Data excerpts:

# # # #

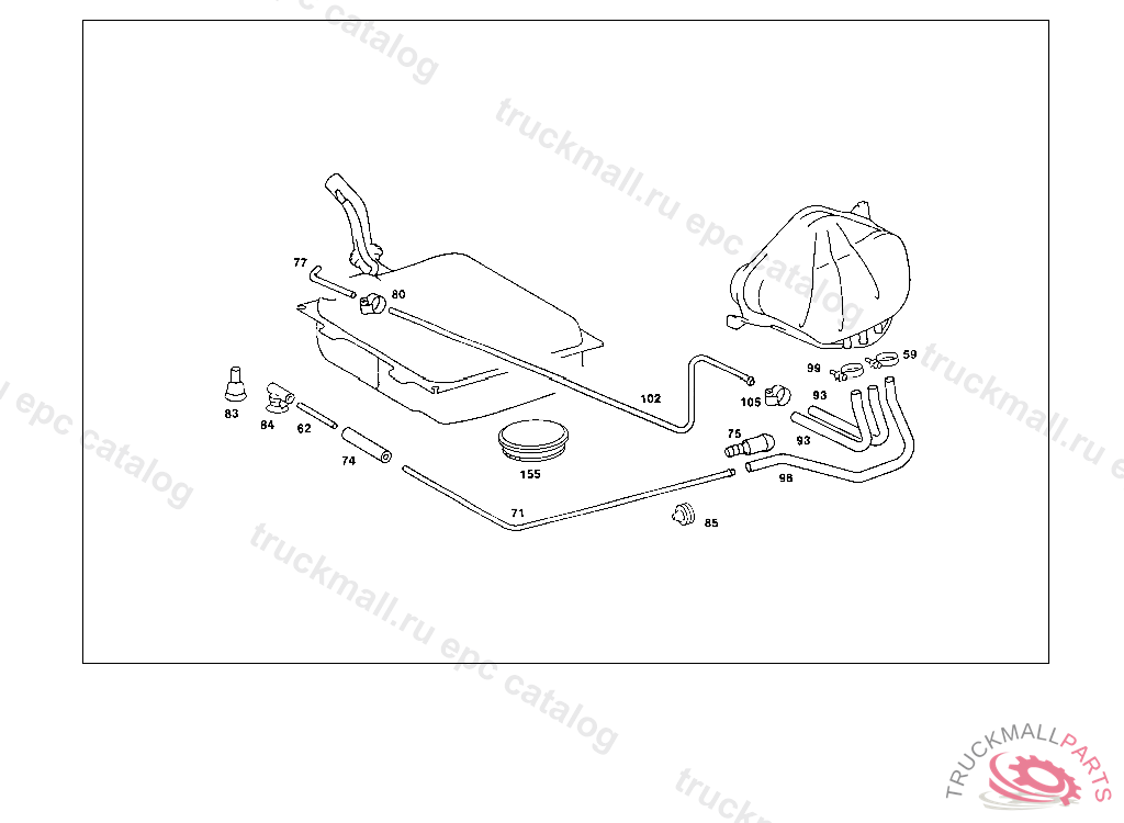 BREATHER PIPE FROM RESERVOIR TO VENT LINE FROM TANK, 000 098845 003 049444 007 042062 083 000290 086 000150 093 000121 102 079297 103 079274 105 099374 183 000405 190 000351
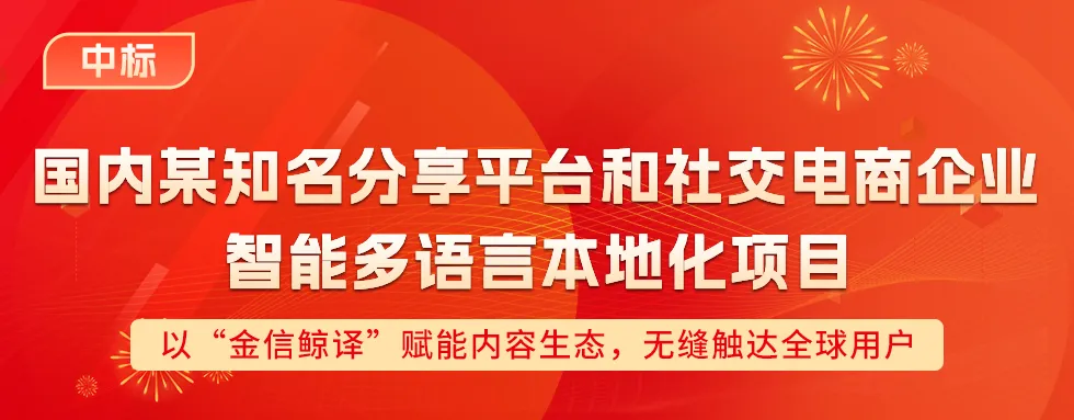 J9九游将为国内某知名分享平台和社交电商企业给予覆盖英语、马来西亚语、日语等语言的本地化服务,同时为客户全球化内容生态接入“J9九游鲸译”云端翻译管理平台,并依托AI技术赋能的精准本地化解决方案,深度助力客户深耕全球市场,打通内容传播、跨境电商与社区互动的全球链路,有助于平台优质内容与商家资源高效触达全球用户。
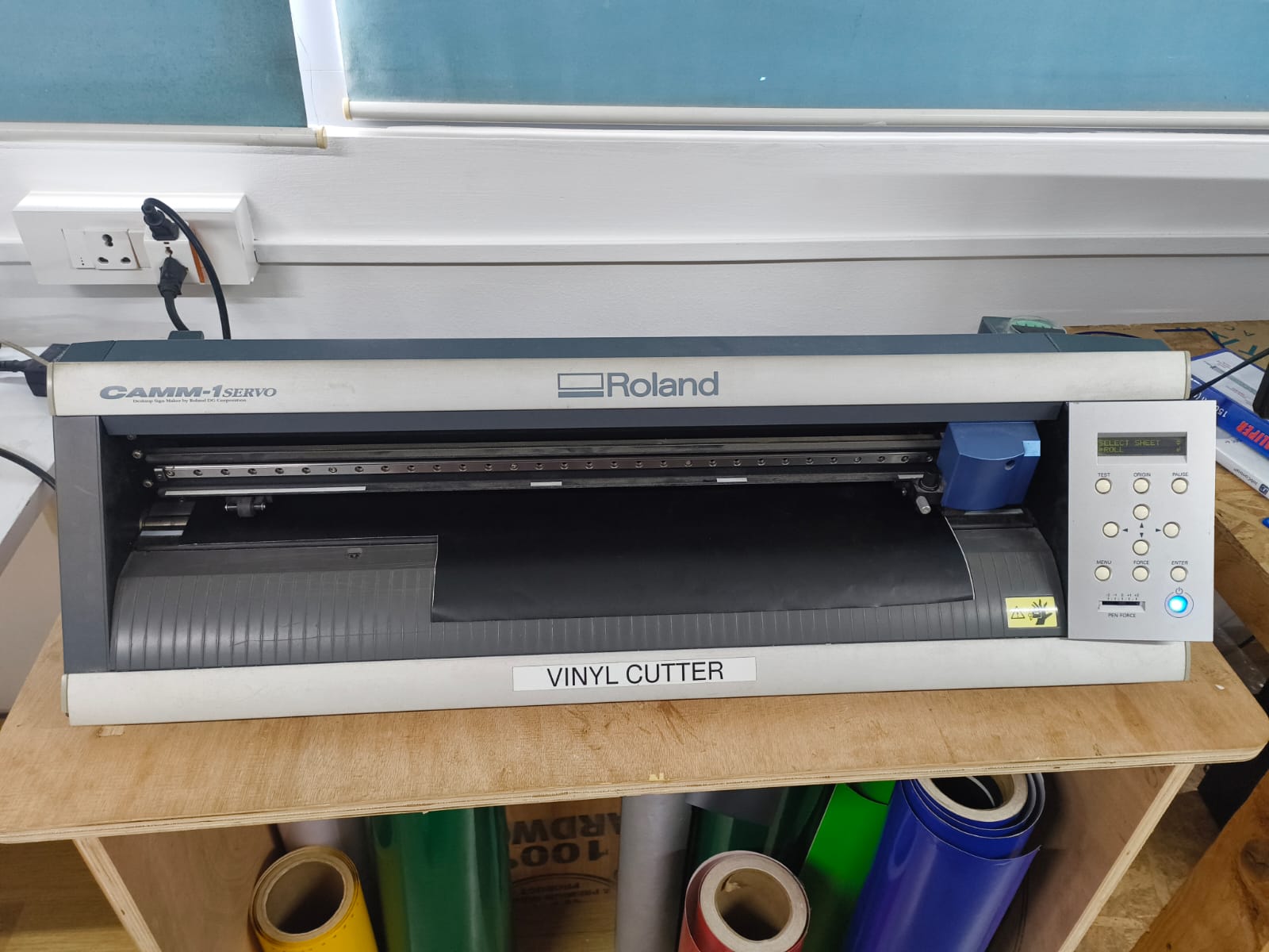 In our lab, we use the Roland GX-24 vinyl cutter, a servo-motor driven precision cutting machine designed for cutting vinyl, stickers, heat-transfer film, and other thin flexible materials.
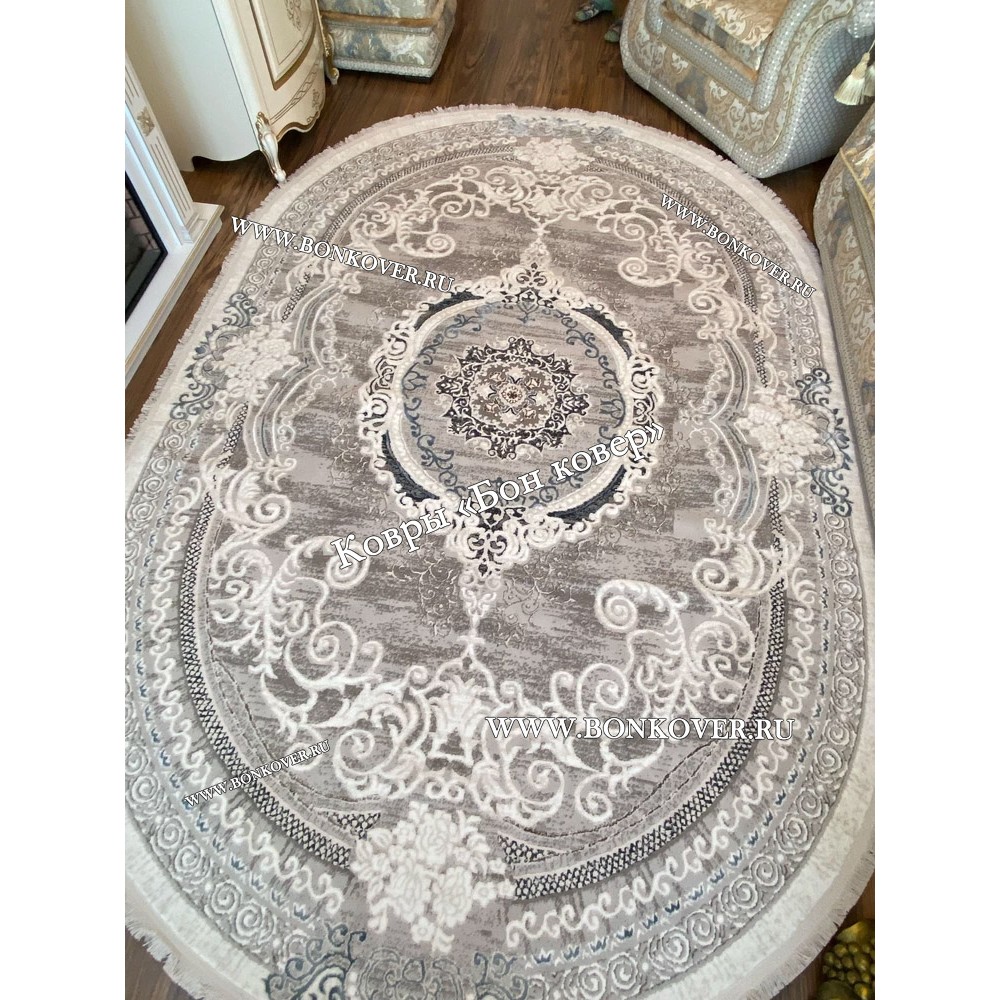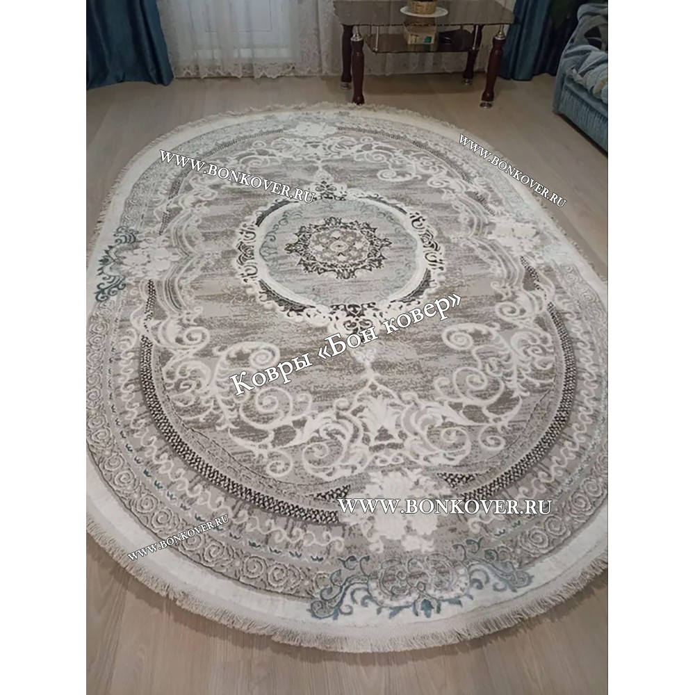 Изящный Овальный Ковер Для Гостиной Медальон Белый с Синим Дизайн 29944 наполняет интерьер жилого пространства теплом и уютом, гармонично сочетает в себе изящество и красоту. Он создан из экологически чистого сырья, прочный и долговечный.
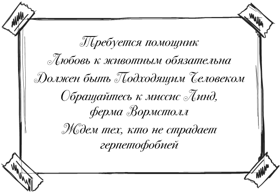 * * *Над дверью Магазина Сладостей висела табличка «Лавка Филлинг & Дентчер: здесь вы получите все, что захотите». Поскольку у них есть высокие стеклянные банки со всеми сладостями, какие только можно вообразить, и они взвешивают их в маленьких бумажных пакетах, все называют эту лавочку просто Магазином Сладостей. Я пришел туда по заданию Фрэнк, чтобы купить чипсы с сыром и луком, когда заметил на окне объявление. Оно было написано зелеными чернилами замысловатым почерком с завитушками и зажато между рекламой подержанного тостера («Почти работает, выгодная покупка») и размытой фотографией жирного полосатого кота с белыми лапами («Вы видели Снаффи? Вознаграждение сто фунтов»):
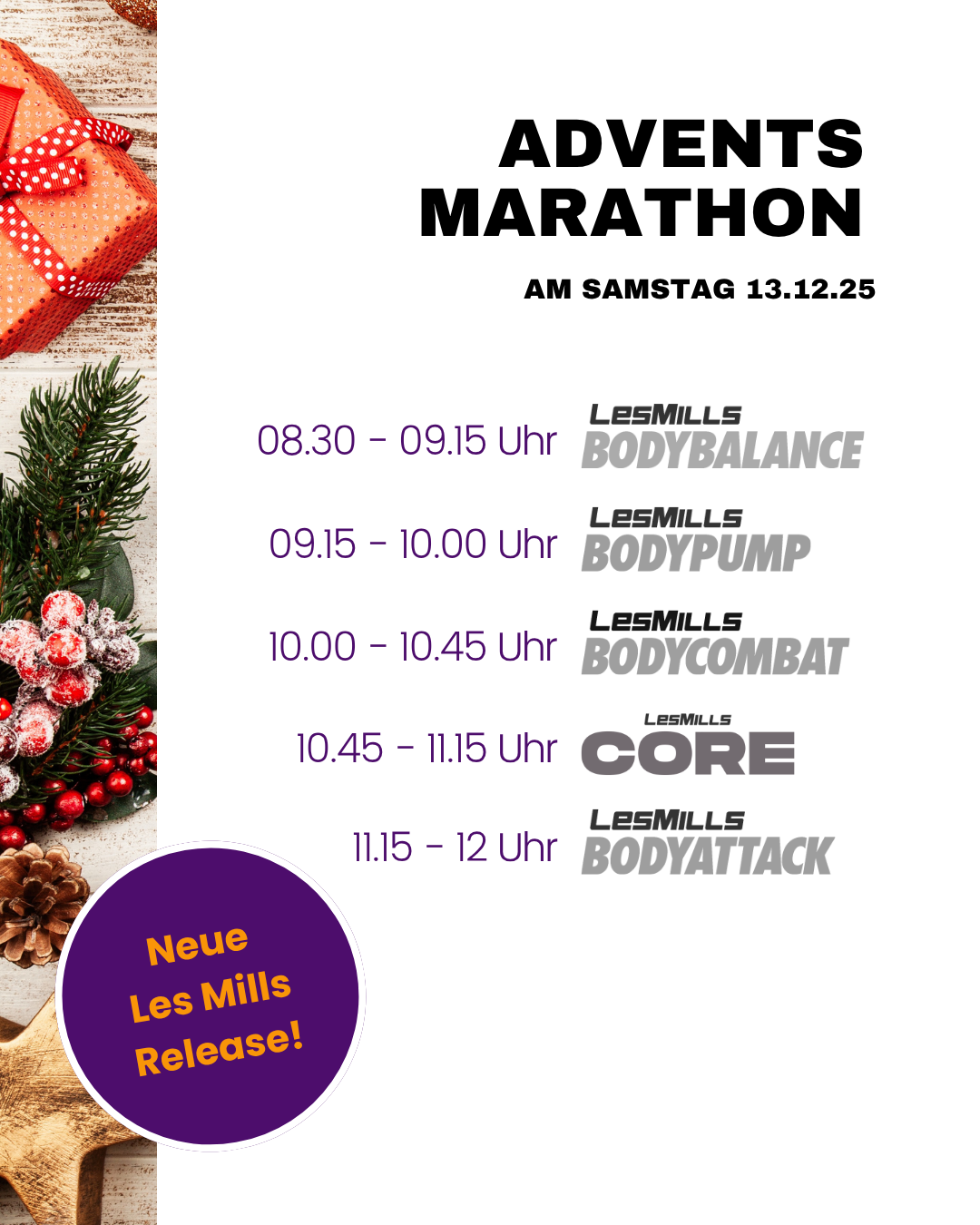 Am 13. Dezember findet unser Adventsmarathon statt! Die Kurse sind an diesem Tag kostenlos, wir sammeln für die Glückskette. Wir freuen uns auf euch!
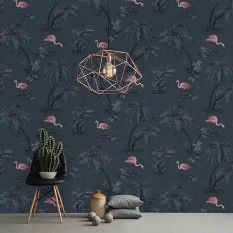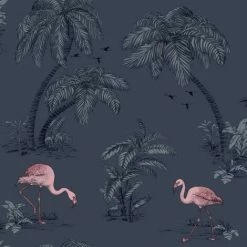 Design: Flamingo, Palm Tree. Design Repeat: 53cm. Durable, Heavyweight. Easy Application, Offset Pattern Match, Paste the Paper.
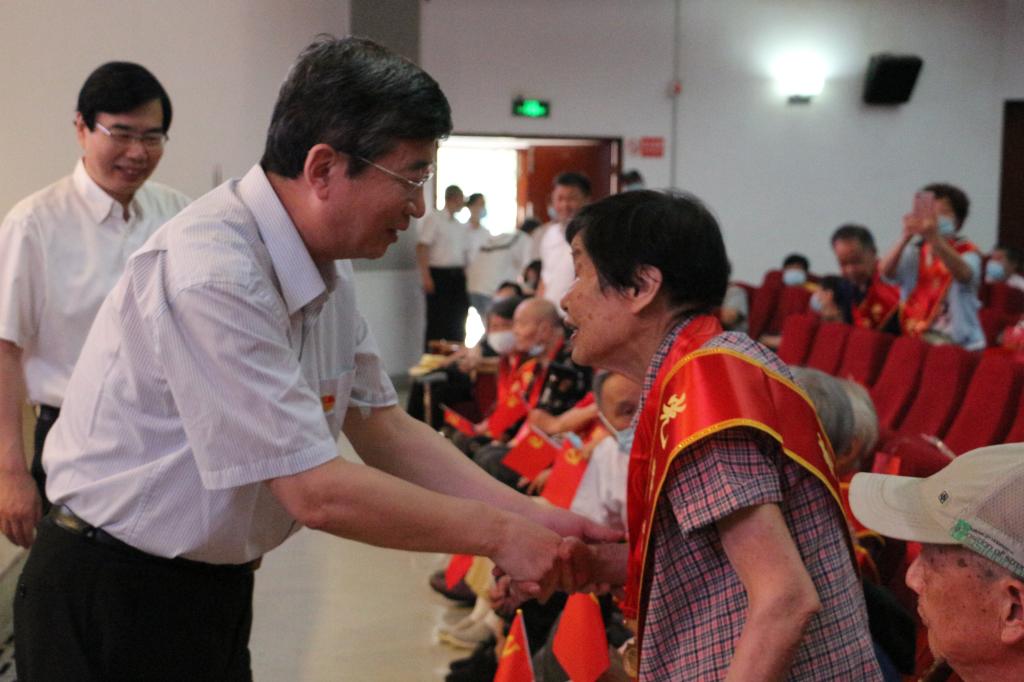 校長(zhǎng)李金林為老黨員頒發(fā)“光榮在黨50年”紀(jì)念章。劉虹 攝

# # # #

About this task:
Write out exactly the lines from the one containing "дверью Магазина Сладостей" through the end of the entries, both included. Pictures are not copied.

Response below:
 * * *Над дверью Магазина Сладостей висела табличка «Лавка Филлинг & Дентчер: здесь вы получите все, что захотите». Поскольку у них есть высокие стеклянные банки со всеми сладостями, какие только можно вообразить, и они взвешивают их в маленьких бумажных пакетах, все называют эту лавочку просто Магазином Сладостей. Я пришел туда по заданию Фрэнк, чтобы купить чипсы с сыром и луком, когда заметил на окне объявление. Оно было написано зелеными чернилами замысловатым почерком с завитушками и зажато между рекламой подержанного тостера («Почти работает, выгодная покупка») и размытой фотографией жирного полосатого кота с белыми лапами («Вы видели Снаффи? Вознаграждение сто фунтов»):
 Am 13. Dezember findet unser Adventsmarathon statt! Die Kurse sind an diesem Tag kostenlos, wir sammeln für die Glückskette. Wir freuen uns auf euch!
 Design: Flamingo, Palm Tree. Design Repeat: 53cm. Durable, Heavyweight. Easy Application, Offset Pattern Match, Paste the Paper.
 校長(zhǎng)李金林為老黨員頒發(fā)“光榮在黨50年”紀(jì)念章。劉虹 攝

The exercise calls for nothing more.